As show season starts up and down the country, Ben Briggs asks whether the role of the agricultural show has changed from being a place to showcase stock to simply a ’show window’ for animals.
"The notion of agricultural shows as a ’shop window’ for animals is one that is as old as the shows and agricultural societies themselves.
"It is a phrase that crops up time and again in this week’s Farmers Guardian in sections such as the Royal Highland Show preview as the show season hits its stride in thankfully brilliant weather.
"But with shows traditionally being a place where farmers from the local area could get together to showcase their stock in a less connected era, does the rise of genomic profiling and EBVs threaten to redefine their role as a genetic showcase?

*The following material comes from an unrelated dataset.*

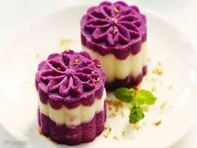 艳丽的紫色和幼白的搭配已经很馋人眼;牛奶的香滑口感与紫薯的粗纤维质的、酥香口感更是绝配。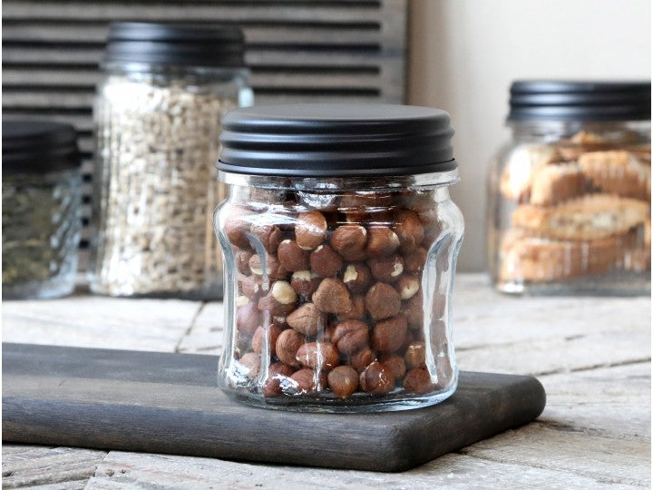 Dekorativ Flaske Krukke Oppbevaringsglass spor og svart lokk H11 / Ø9 cm

"While there is no doubt a major show win, especially at the biggest events such as the Royal Highland, Royal Welsh or Great Yorkshire shows, can add value to top cattle or sheep, are their roles as indicators of breeding potential being challenged by the rise of data? And could that ever take over from a farmer’s visual judgement? Some argue not.
"But while the nature of breeding technology is changing the game, especially for the commercial farmer, the role of shows as a communicator of farming’s values to the wider public will continue to be key.
"For shows which attract a large non farming audience, especially those on the urban fringe, their role in educating consumers about where their food comes from and the effort which goes in to producing it is absolutely vital for the entire industry.
"With the gap between people and their food widening, it is vital for farming to make that link between field and fork and enthuse the public about an industry they are sometimes ignorant about.
"As the fantastic photos in this week’s show coverage testify, the power and presence of livestock on show at these events often has the ability to dazzle, whether you are from farming or not. That is an opportunity the industry should build on and ensure these events are a shop window not just to farmers, but to consumers as well."